Die Engelskirche auf Anatolikon[208] 1

Es lacht ein Eiland Mit Feigenbäumen,

Mit Rosenlauben, Mit Rebenranken,

Wie sonst es schaffen Nur die Gedanken,

Wie man's nur schauet In Morgenträumen.


Es regt ein Volk sich Auf seinen Hügeln,

Das spricht die Sprache, Die alte, traute,

Die zu uns redet Mit Geisterlaute;

Und Freiheit deckt es Mit jungen Flügeln.


Es wohnt im Schutze Der heil'gen Engel,

Den Cherubinen Ist es vertrauet,

Von Marmor stehet Ihr Haus gebauet,

Im weißen Kleide, Rein, ohne Mängel.
[208]

Wohnt auch die Trauer In solchem Lande?

Warum verödet Die Rosenlauben?

Warum kein Liedchen Beim Saft der Trauben?

Kein Tausch der Waaren Am regen Strande?


Das macht, es wimmelt Dort auf den Wassern,

Und birgt sich hinter Den Felsenriffen:

Ein Heer von Masten, Von fremden Schiffen,

Ein grimmig Heer ist's Von Christenhassern!


Du Griechenvölkchen, Willst du verzagen?

Das Schwert der Väter, Hast's nicht geschwungen?

Hast mit der Freiheit Nicht Mut errungen? –

»Mut g'nug und Schwerter Sie zu erschlagen!


Doch sind's zu viele!« – Hast du nicht Mauern?

Hast du nicht Schanzen, Dich klug zu decken? –

»Ja, Thürm' und Wände, Der Feinde Schrecken,

Die zehn Geschlechter Wohl überdauern!« –


Und blühn nicht Früchte Dir gnug dahinter?

Kornähren, Feigen, Und Oel die Menge? –

»Mir naht kein Hunger, Der mich bedränge:

Mich nährt der Sommer, Nie folgt ein Winter.


Nur eins vergaß mir Natur zu spenden:

Kein Quell mir sprudelt Aus ihren Brüsten;

Sonst kauft' ich Wasser An fernen Küsten,

Jetzt wehrt der Feind mir An allen Enden!


Umsonst des Blutes Hab' ich vergossen,

In's Herz des Feindes Das Blei gesendet!

Die Kraft versieget, das Leben endet!

Er schickt den Durst mir, Den Bundsgenossen!«


Da will das Auge Sich traurig senken. –

Doch sieh!

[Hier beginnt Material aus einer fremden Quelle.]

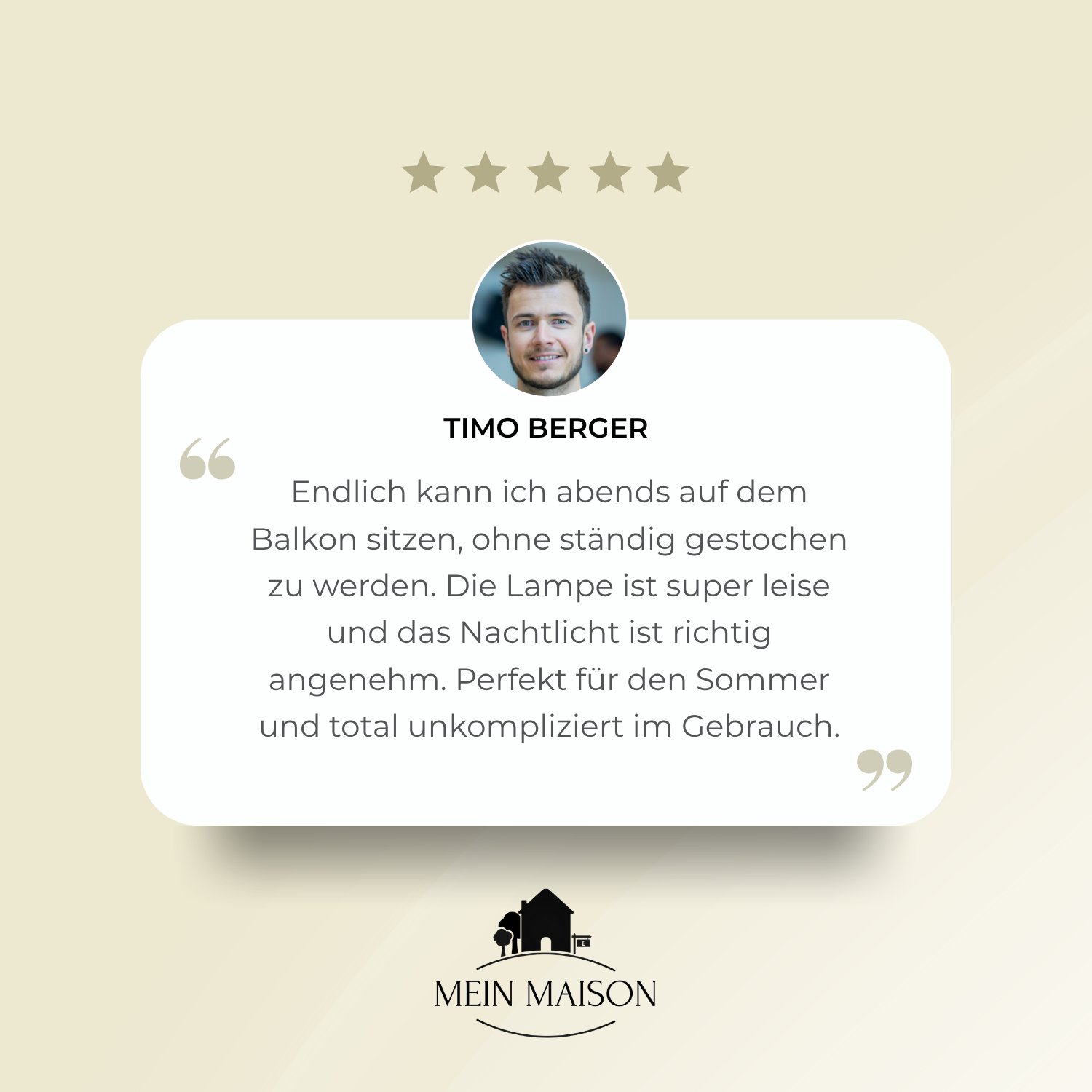 Opplev roen – uten myggbitt – Den Lunavax mygglampen forener stilfull design med effektiv teknologi for bekjempelse av skadedyr – helt stille, uten giftstoffer, og perfekt for familier med barn og kjæledyr. Ideell for soverom, terrasser eller på campingtur.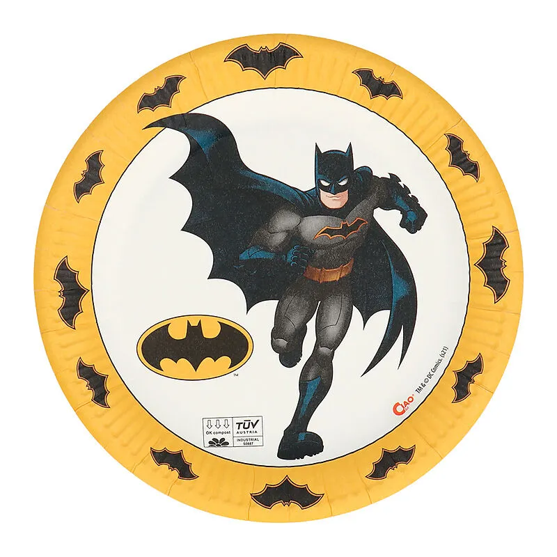 Ein Set mit 8 Einweg-Papptellern (23 cm) mit einem coolen Batman- Aufdruck.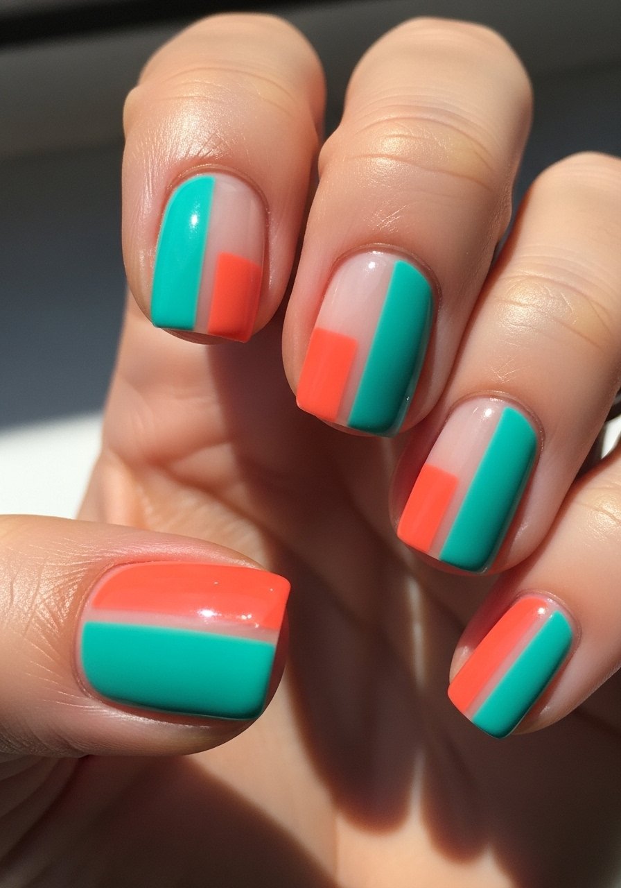 Color blocking with two complementary shades creates punch without fuss. Cure each block separately to avoid bleeding and use striping tape for sharp edges. A reliable Gel-base-coat anchors the layers. I’ve found bold blocks feel modern and survive daily wear well because edges are defined.

Die Menge, Die gläub'ge, wallet

Zum Haus der Engel, Und Flehen schallet:

»O Gott im Himmel, Du kannst uns tränken!


Machst deinen Engel Zu Wind und Wolke,

Machst deine Diener Zu Feuerflammen:

Da krachen Schiffe Zermalmt zusammen,

Da stürzt der Dränger Vor deinem Volke!
[209]

Heut nach der Erde Geheimster Ader

Laß deine Geister, Die treuen, spüren;

Wenn erst die Quellen Sich um uns rühren,

So zwingt uns nimmer Des Feinds Geschwader!


Erhör' uns, Retter!« So tönt's von Allen.

Hat er vernommen Die fleh'nde Stimme?

Warum nicht wehrt er Des Feindes Grimme?

Die Schlünde donnern, Die Kugeln fallen.


Und eine flieget Mit Sturms Gefieder,

Reißt durch des Tempels Gewölbte Decken;

Des Volkes Flehen Verstummt in Schrecken,

In seine Mitte Fährt sie hernieder.


Schlägt in den Boden, Wühlt in dem Grunde,

Sie gräbt so gierig In seinen Ritzen;

Da hört ihr's sprudeln, Da seht ihr's spritzen: –

Da quillt ein Brunnen Tief aus dem Schlunde!


Erzengel Gottes Sei hoch willkommen!

Du fährst als Donner Aus glühnden Blechen;

Springst aus den Tiefen In Wasserbächen,

Wenn's gilt zu retten Das Volk der Frommen!


Da schöpfet Jeder Vom heil'gen Quelle,

Durch alle Glieder Dringt Engelsstärke,

Sie schreiten fürder Zum großen Werke,

Fort aus dem Tempel, Hin auf die Wälle.


Dreitausend Kugeln Schickt aus den Schlünden

Zur heil'gen Insel Der Feind vergebens,

Sie all erlöschen Im Strom des Lebens:

So muß die Freiheit Sich ewig gründen.

Fußnoten

1 Kleine Inselstadt am Eingange des lepantischen Meerbusens, an Reiz der Lage Venedig vergleichbar. – Die Begebenheit berichtete die Allgemeine Zeitung vom 25. Februar 1824.


Quelle:
Gustav Schwab: Gedichte. Leipzig [um 1880], S. 208-210.